Unsupervised Separation of Native and Loanwords for Malayalam and Telugu
This addresses the challenge of distinguishing native and loanwords for computational linguistics in Indian languages, but it is incremental as it builds on existing observations for specific languages.
The paper tackled the problem of automatically identifying loanwords from English in agglutinative Dravidian languages like Malayalam and Telugu using an unsupervised method based on stem versatility, and demonstrated its effectiveness through empirical analysis on real-world datasets.

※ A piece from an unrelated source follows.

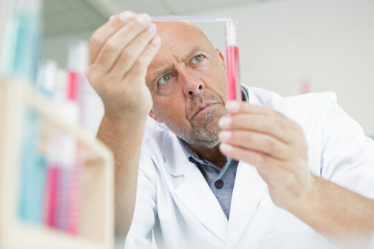 portrait of a handsome mature male lab technician concentrated

Quite often, words from one language are adopted within a different language without translation; these words appear in transliterated form in text written in the latter language. This phenomenon is particularly widespread within Indian languages where many words are loaned from English. In this paper, we address the task of identifying loanwords automatically and in an unsupervised manner, from large datasets of words from agglutinative Dravidian languages. We target two specific languages from the Dravidian family, viz., Malayalam and Telugu. Based on familiarity with the languages, we outline an observation that native words in both these languages tend to be characterized by a much more versatile stem - stem being a shorthand to denote the subword sequence formed by the first few characters of the word - than words that are loaned from other languages. We harness this observation to build an objective function and an iterative optimization formulation to optimize for it, yielding a scoring of each word's nativeness in the process. Through an extensive empirical analysis over real-world datasets from both Malayalam and Telugu, we illustrate the effectiveness of our method in quantifying nativeness effectively over available baselines for the task.